KB: The biggest realization would probably be that the best and most effective public health practice is done through collaboration and partnerships. Programs that do well are founded in evidence and theory but are also dynamic and tailored for the specific audiences that they reach. Throughout my time in public health, I have worked with a vast array of professionals from laboratory and social scientists, biostatisticians, and psychologists, to translators, media and communications specialists, community leaders and, of course, educators. They have each brought something unique to the table.
My best piece of advice for those looking towards a career in public health is to realize that it does not have to look like any other career in public health.

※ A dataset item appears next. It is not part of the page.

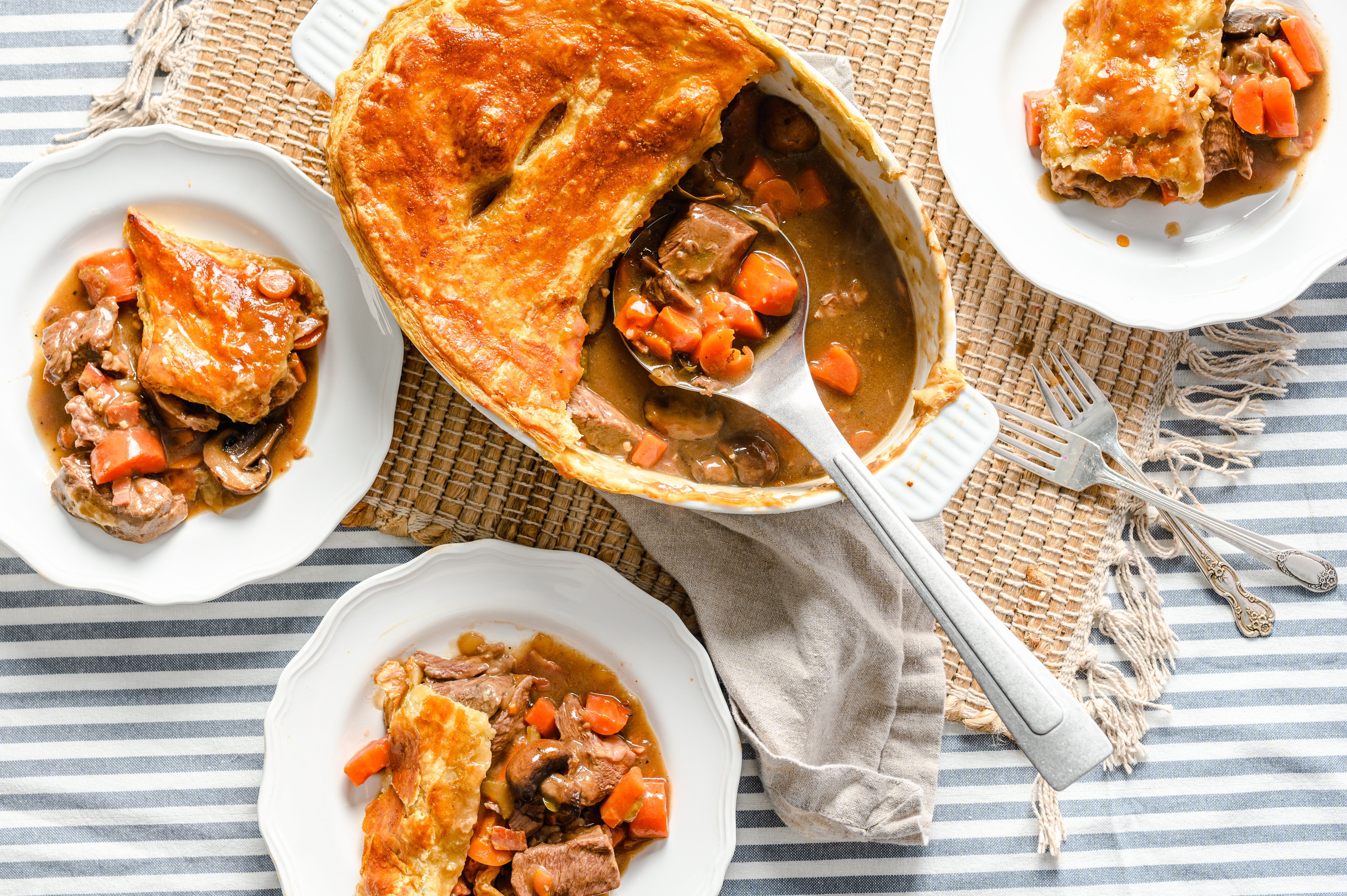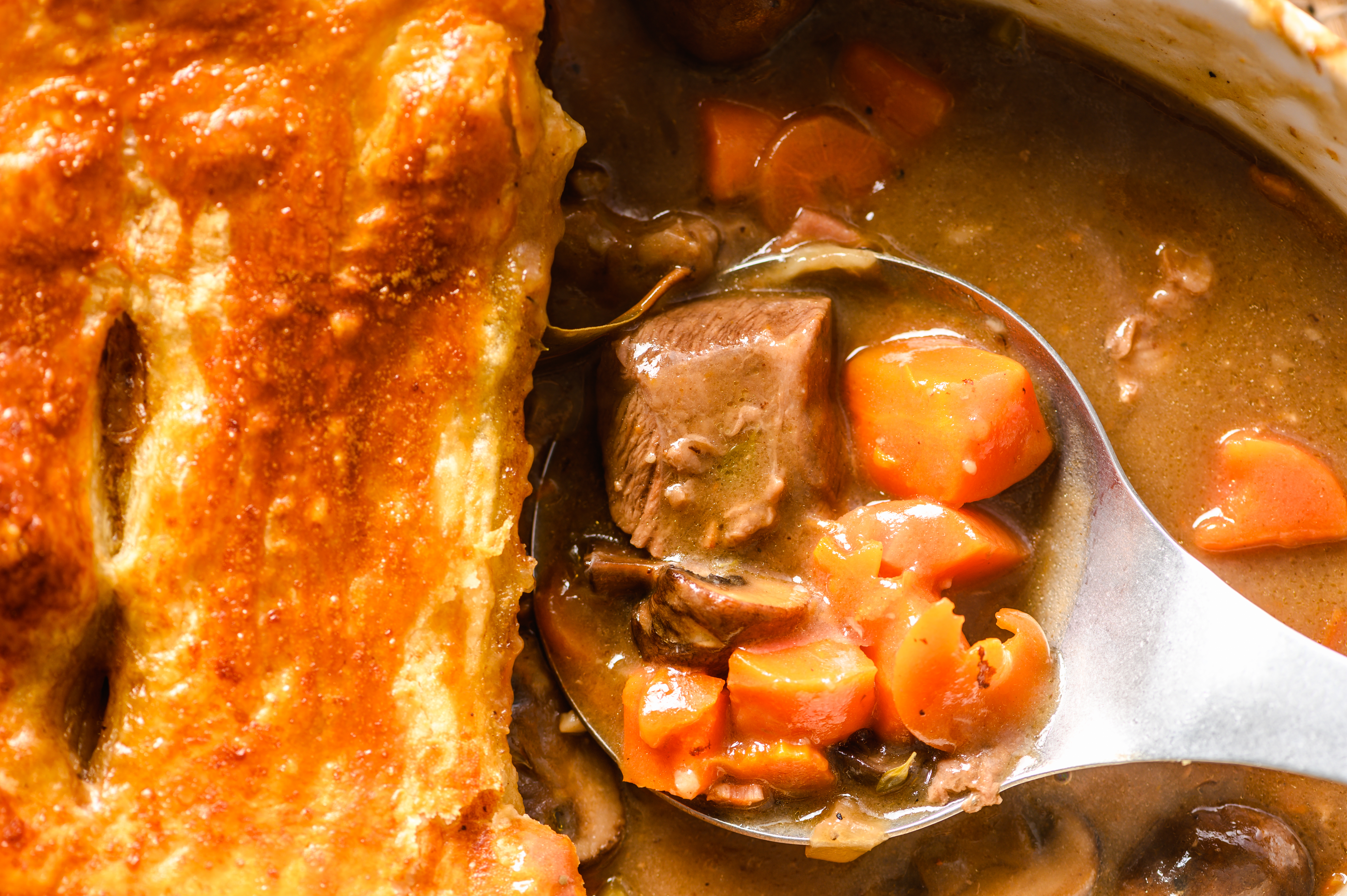Looking for a legendary loaf of luxury? The enormous expectations the Epic Beef Bake exceeds are beyond anything your beef-loving mind can imagine! A colossal concoction of tender chuck beef pieces, sizeable amounts of monumentally savory-seasoned mushrooms and triumphant sweet carrots, all swimming in a thick, finely-tuned sauce and enveloped by a tremendously flaky puff pastry crust that will literally dazzle you. This Epic Beef Bake will put the wow back into your dynamic dinner. It's truly an undaunted discovery of epic deliciousness!

Kelly Bloodworth is a CDC epidemiologist who leads educational student programs and partnerships focused on attracting young people to the field of public health. She designs and directs programs ranging from equipping STEM teachers with public health knowledge and resources to bring back to the classroom to introducing medical and veterinary students to applied epidemiology through experiential learning. She also supports CDC STEM efforts as a subject matter expert for the agency and by coordinating strategic partnerships to advance STEM education. Prior to CDC, she conducted global health research on adolescent health in Brazil, worked with a NPO as a K–12 program director and consultant in Texas, and taught middle and high school in Florida. She earned her MPH from the UTHealth Houston School of Public Health in Austin.